USPTO Provides Meaningful Direction on Patentable Subject Matter Eligibility
Thursday, July 30, 2015

The U.S. Patent and Trademark Office (USPTO) published a Notice on July 30 updating procedures for determining patent eligible subject matter under 35 U.S.C. §101 with a request for public comments. Included in the Notice (hereafter July 2015 Update) is a series of appendices that provide new examples and guidance that may be used by both examiners and patent applicants to determine subject matter eligibility.

The July 2015 Update is particularly focused on analysis of abstract ideas, particularly in the business method, Graphical User Interface and software areas. The USPTO has indicated that a similar notice with examples in the biotechnology area, especially diagnostic and other method claims directed to laws of nature and natural phenomena, is presently being prepared and will take into account recent judicial developments regarding those areas.

The examples included in the July 2015 Update provide additional eligible/ineligible claims in various technologies, as well as sample analyses applying the Supreme Court and Federal Circuit’s approaches for determining whether a claim with additional elements amounts to significantly more than the judicial exception itself. As a result, those examples should be equally valuable to USPTO examiners and applicants alike by providing all parties with better direction on the proper analysis for determining patent eligible subject matter.

The examples are categorized into six major themes identified in the public comments received by the Office in response to the Revised Guidance published Dec. 16, 2014, (2014 Interim Guidance on Patent Subject Matter Eligibility, 79 FR 74618) (December 2014 Interim Guidance). Those themes include:

  1. requests for additional examples, particularly for claims directed to abstract ideas and laws of nature;

  2. further explanation of the markedly different characteristics analysis;

  3. further information regarding how examiners identify abstract ideas;

  4. discussion of the prima facie case and the role of evidence with respect to eligibility rejections;

  5. information regarding application of the December 2014 Interim Guidance in the Patent Examining Corps; and

  6. explanation of the role of preemption in the eligibility analysis, including a discussion of the streamlined analysis.

The appendices also include an index of examples for use with the December 2014 Interim Guidance and a quick reference sheet that includes additional explanation of the required analysis to establish a prima facie case of eligibility. The USPTO has provided the index of examples to ensure subject matter identified as abstract ideas is “similar to at least one concept that the courts have identified as an abstract idea.” Those concepts include fundamental economic practices, an idea ‘of itself,’ certain methods of organizing human activity and mathematical relationships/formulas.

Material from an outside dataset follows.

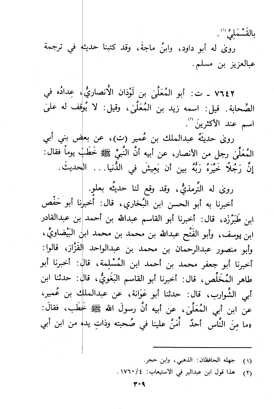 7642 - ت: أَبُو المعلى بن لوذان الأَنْصارِيّ، عداده فِي الصحابة. قِيلَ: اسمه زيد بْن المعلى، وقيل: لا يوقف لَهُ عَلَى اسم عند الأكثرين (2) .
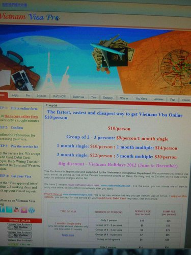 這一趟的越南之旅,讓我學會在網路上辦理越南簽證方式, 在此提供給需要的人參考: 辦簽方式: 1. 越南住台辦事處:,1020+400=1420 。 2. 旅行社代辦:約1550-1700不等 3. 網路E-Visa:網路上申辦時需用paypal繳費10 USD, 到越南時再繳25 USD。蓋章費 實際費用約1000元台幣。 我們人多採用網路上辦越南簽證(2人以上就有優惠, 我們10人每人6美元.由我代辦) 。 實際費用6+25=31美元 (約900元台幣) 流程: 1. 先上http://www.vietnamvisapro.com/網站 2. 依照網上步驟完成:

Both the December 2014 Interim Guidance and the July 2015 Update are evidence of the USPTO’s continued efforts to formulate and implement policy regarding the judicially recognized patent ineligible exceptions, which include laws of nature, natural phenomena and abstract ideas. The July 2015 Update provides additional direction regarding what is required for applicants to establish patent eligibility at the USPTO under the present standards.

However, as recognized by the July 2015 Update, a number of judicial proceedings have been decided recently in the federal courts and by the Court of Appeals for the Federal Circuit, and those proceedings may require rehearing by the Federal Circuit and/or certiorari to the Supreme Court. In turn, such proceedings may, and likely will, alter the judicially created exceptions themselves. Therefore, both the patent eligibility standards, and the scope of the judicially created exception to that eligibility, remain in flux.